**What to produce:**
Your reply should be the whole listing, copied exactly, with the pictures left out.

**Raw data:**
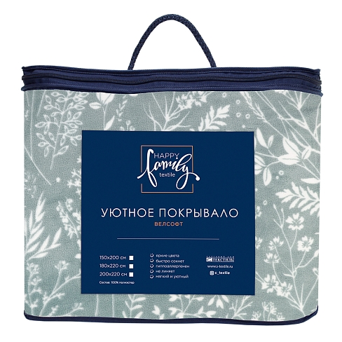 Покрывало Велсофт Happy Family - удобная и практичная вещь. Мягкое, приятное на ощупь, невесомое, его можно использовать в качестве пледа. Оно очень хорошо стирается и мгновенно высыхает, не теряя при этом ни формы, ни яркости расцветки. Достоинства: можно стирать в стиральной машине, не линяет.
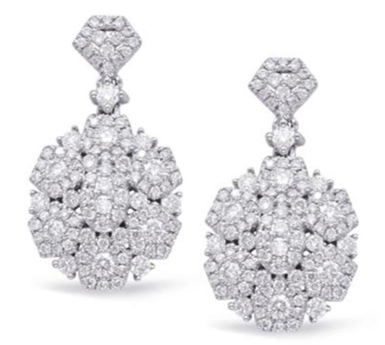 ESTATE LARGE 14KT WHITE GOLD FUN HANGING EARRINGS. 3D MULTI FLOWER DESIGN. DIAMONDS ARE F/G COLOR, VSSI CLARITY 1.43 CARATS. MEASURES 12mm WIDE. WRITTEN APPRAISAL AVAILABLE. COMES IN A PRESENTABLE GIFT BOX.
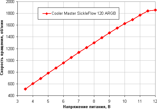 Характер зависимости типичный: плавное и чуть нелинейное снижение скорости вращения от 12 В до напряжения остановки, за исключением некого подобия плато от 11,5 до 12 В. Плато показывает, что в этих вентиляторах есть система поддержания стабильной скорости вращения в зависимости от величины КЗ. При желании вентиляторы можно подключать к 5 В.
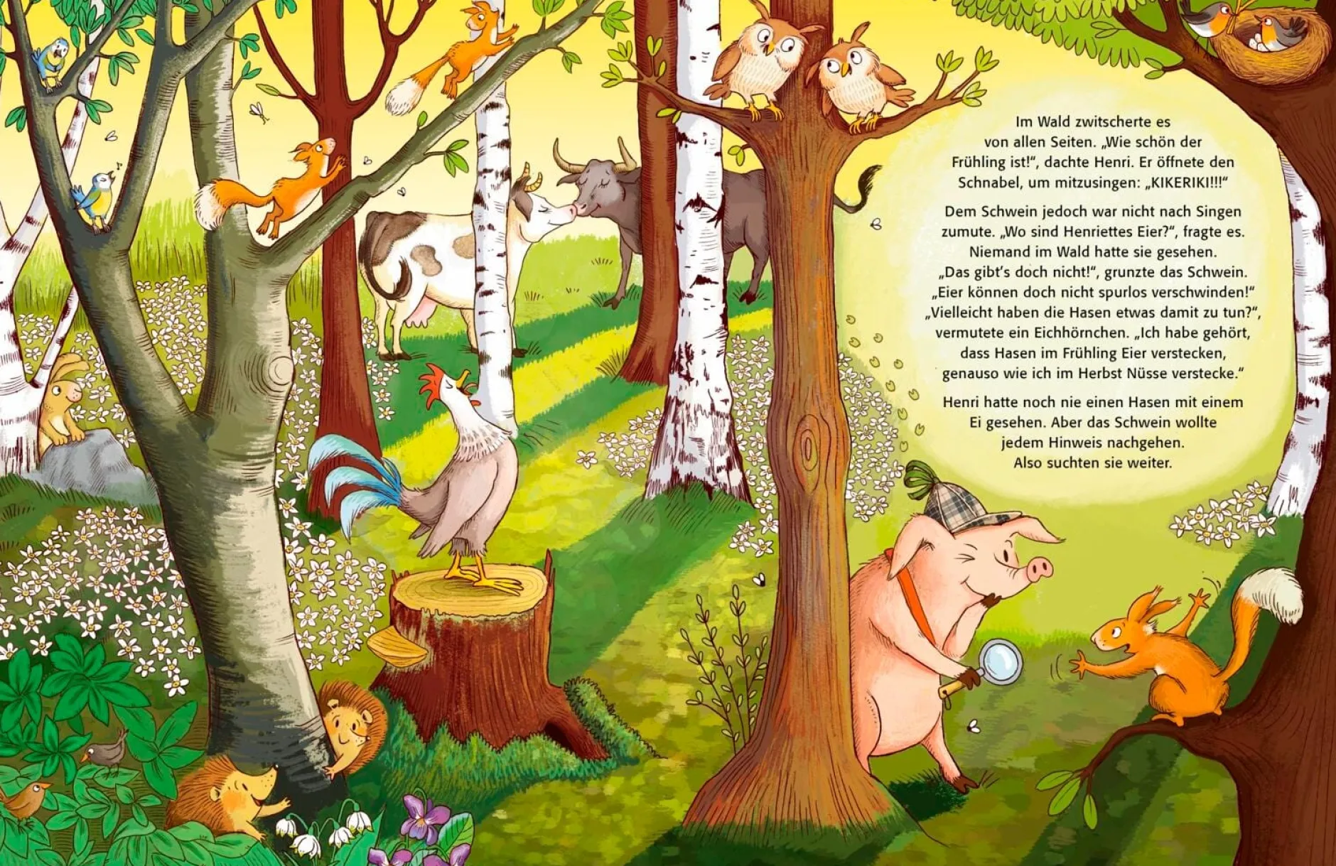 Wenn Ostern vor der Tür steht, dann haben Hase und Huhn so einiges vor. Der alte Osterhase Kuni hat dieses Jahr völlig verschwitzt, rechtzeitig die Eier zu bemalen. Nun muss die Haselmaus Hasel kreativ werden, damit das Fest nicht ins Wasser fällt. Henri und Henriette bekommen einen Schreck, als plötzlich alle ihre Eier verschwunden sind. Gemeinsam suchen sie den Bauernhof ab und finden eine große Überraschung. Die kluge Henne Elli Erbse hat eine famose Idee, wie sie ihre Eier behalten und den Kindern trotzdem eine tolle Osterüberraschung ins Nest legen kann. Und die kleine Lilly Puschel gewinnt den alljährlichen Osterhasen-Wettbewerb mit einer gehörigen Portion Mut.

**Worked solution:**
 Покрывало Велсофт Happy Family - удобная и практичная вещь. Мягкое, приятное на ощупь, невесомое, его можно использовать в качестве пледа. Оно очень хорошо стирается и мгновенно высыхает, не теряя при этом ни формы, ни яркости расцветки. Достоинства: можно стирать в стиральной машине, не линяет.
 ESTATE LARGE 14KT WHITE GOLD FUN HANGING EARRINGS. 3D MULTI FLOWER DESIGN. DIAMONDS ARE F/G COLOR, VSSI CLARITY 1.43 CARATS. MEASURES 12mm WIDE. WRITTEN APPRAISAL AVAILABLE. COMES IN A PRESENTABLE GIFT BOX.
 Характер зависимости типичный: плавное и чуть нелинейное снижение скорости вращения от 12 В до напряжения остановки, за исключением некого подобия плато от 11,5 до 12 В. Плато показывает, что в этих вентиляторах есть система поддержания стабильной скорости вращения в зависимости от величины КЗ. При желании вентиляторы можно подключать к 5 В.
 Wenn Ostern vor der Tür steht, dann haben Hase und Huhn so einiges vor. Der alte Osterhase Kuni hat dieses Jahr völlig verschwitzt, rechtzeitig die Eier zu bemalen. Nun muss die Haselmaus Hasel kreativ werden, damit das Fest nicht ins Wasser fällt. Henri und Henriette bekommen einen Schreck, als plötzlich alle ihre Eier verschwunden sind. Gemeinsam suchen sie den Bauernhof ab und finden eine große Überraschung. Die kluge Henne Elli Erbse hat eine famose Idee, wie sie ihre Eier behalten und den Kindern trotzdem eine tolle Osterüberraschung ins Nest legen kann. Und die kleine Lilly Puschel gewinnt den alljährlichen Osterhasen-Wettbewerb mit einer gehörigen Portion Mut.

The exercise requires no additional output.